_Aim of the exercise_: Print nothing but the lines from the start of the listing below through the line that contains "剧场内,歌声飘扬,掌声阵阵。". Do not include the pictures.

_Supplied data_:

____

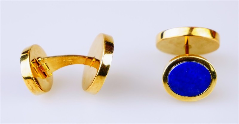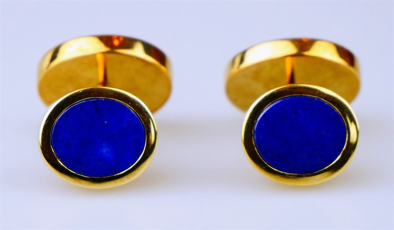 Majestátní masivní dvojité oválné manžetové knoflíky ze žlutého zlata s lapisem lazuli, celková hmotnost 26,90 g, Au 585/1000, český punc, ryzostní číslo a značka výrobce HM v kartuši. 4 x lapis lazuli oválného brusu výborné kvality. Rakousko, poslední třetina 20. století. Velikost přední části knoflíku 19,5 x 17,5 mm, zadní části 16 x 14 mm, délka 25 mm.
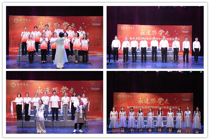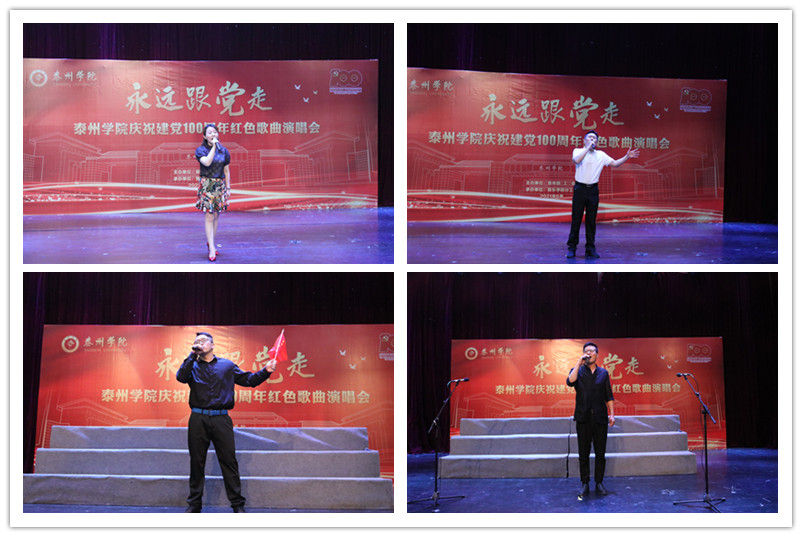 剧场内,歌声飘扬,掌声阵阵。《我们走在大路上》《没有共产党就没有新中国》《映山红》《红旗飘飘》《北京的金山上》《游击队之歌》……一首首耳熟能详的旋律,一句句铿锵有力的歌词,唱出了泰院人心中对党的崇敬与祝福。师生们在动情的歌声中共同追忆往昔峥嵘岁月,共同感悟共产党人追求理想、披荆斩棘的坚强信念和意气风发、斗志昂扬的豪迈气概。(党委宣传部 校工会)
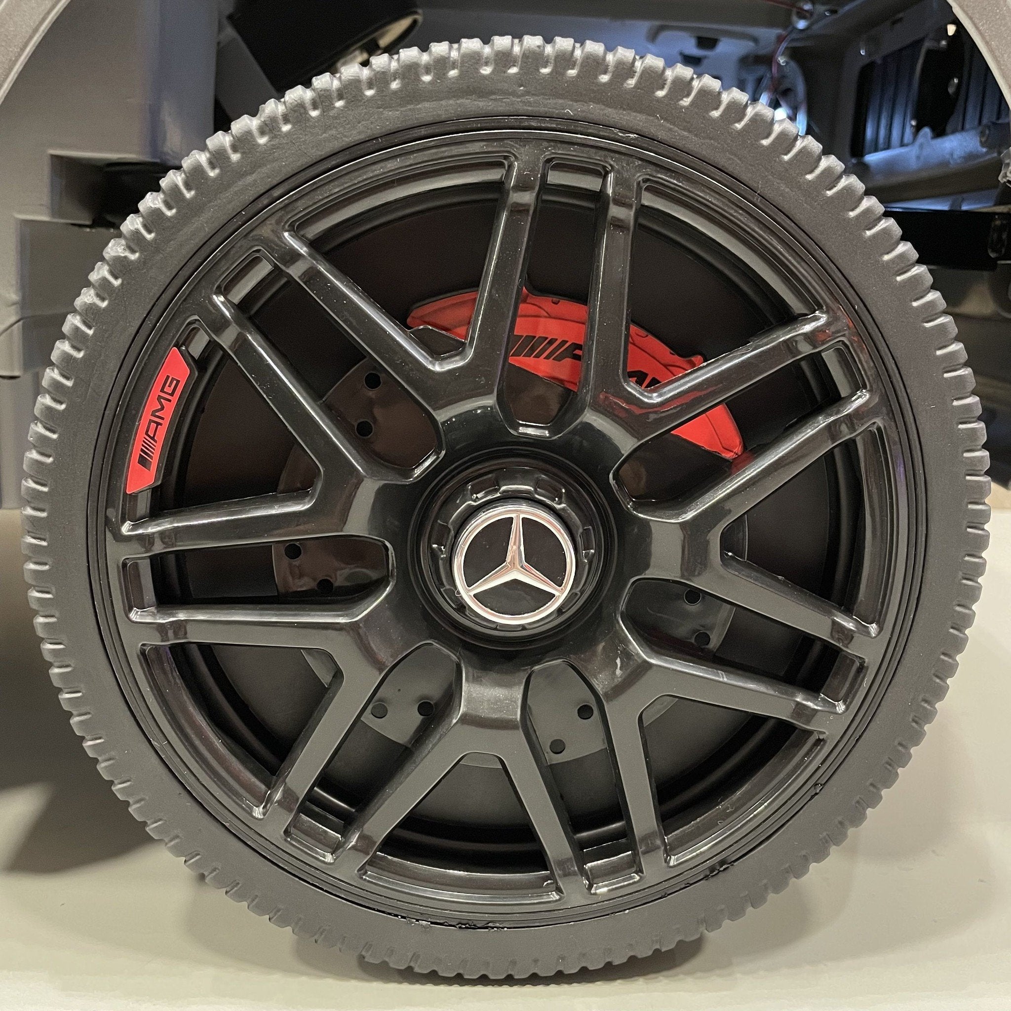 De Mercedes G63 AMG kinderauto is uitgerust met echte rubberen banden, waardoor kinderen comfortabel kunnen rijden op verschillende ondergronden zoals tegels, asfalt, klinkers, grind of zelfs in de tuin. De stevige bouw en hoogwaardige materialen zorgen ervoor dat de kinderauto stabiel, veilig en duurzaam is. Zo genieten kinderen van een soepele, stille en comfortabele rijervaring.
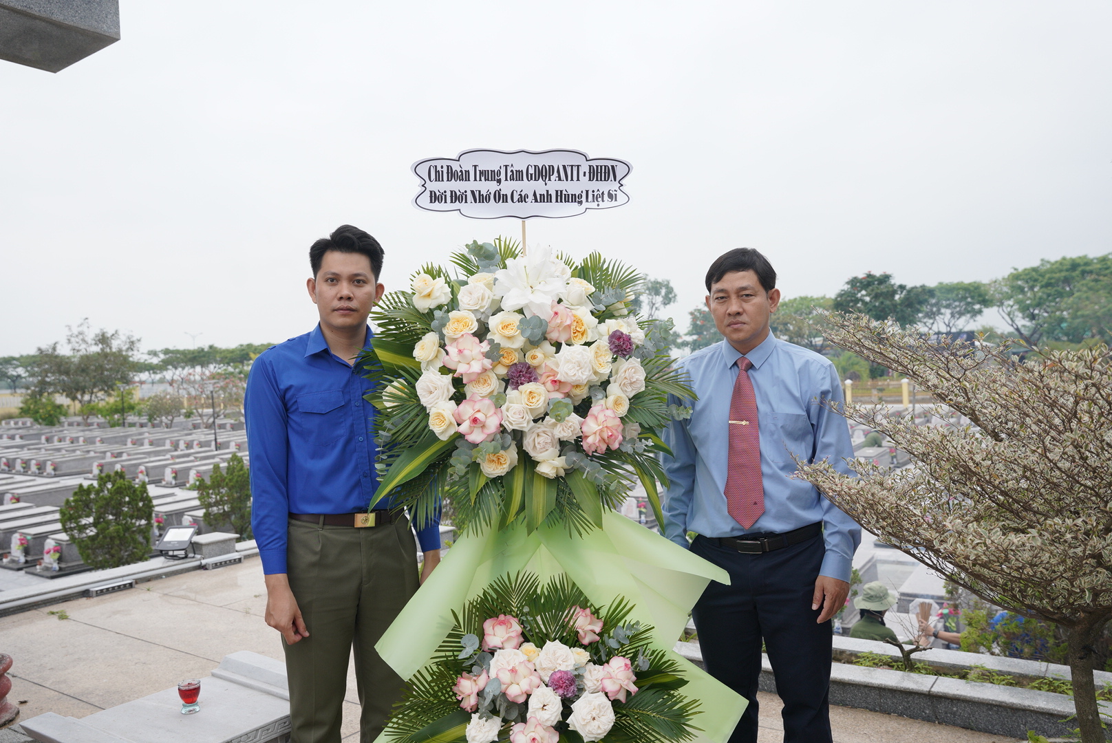 Nằm trong chuỗi hoạt động Chào mừng kỷ niệm 95 năm Ngày thành lập Đoàn Thanh niên Cộng sản Hồ Chí Minh (26/3/1931 – 26/3/2026). Sáng ngày 25/3/2026, tại Nghĩa trang Liệt sĩ Hoà Quý, hơn 30 cán bộ giảng viên của Trung tâm Giáo dục Quốc phòng – An ninh và Thể thao (GDQPANTT), Đại học Đà Nẵng (ĐHĐN) cùng đại diện các sinh viên Khoá K46 đến từ Trường Đại học Ngoại ngữ (UFLS) đang học tập tại Trung tâm đã trang nghiêm tổ chức lễ dâng hương, tưởng niệm các Anh hùng liệt sĩ.

____

_Finished exercise_:
 Majestátní masivní dvojité oválné manžetové knoflíky ze žlutého zlata s lapisem lazuli, celková hmotnost 26,90 g, Au 585/1000, český punc, ryzostní číslo a značka výrobce HM v kartuši. 4 x lapis lazuli oválného brusu výborné kvality. Rakousko, poslední třetina 20. století. Velikost přední části knoflíku 19,5 x 17,5 mm, zadní části 16 x 14 mm, délka 25 mm.
 剧场内,歌声飘扬,掌声阵阵。《我们走在大路上》《没有共产党就没有新中国》《映山红》《红旗飘飘》《北京的金山上》《游击队之歌》……一首首耳熟能详的旋律,一句句铿锵有力的歌词,唱出了泰院人心中对党的崇敬与祝福。师生们在动情的歌声中共同追忆往昔峥嵘岁月,共同感悟共产党人追求理想、披荆斩棘的坚强信念和意气风发、斗志昂扬的豪迈气概。(党委宣传部 校工会)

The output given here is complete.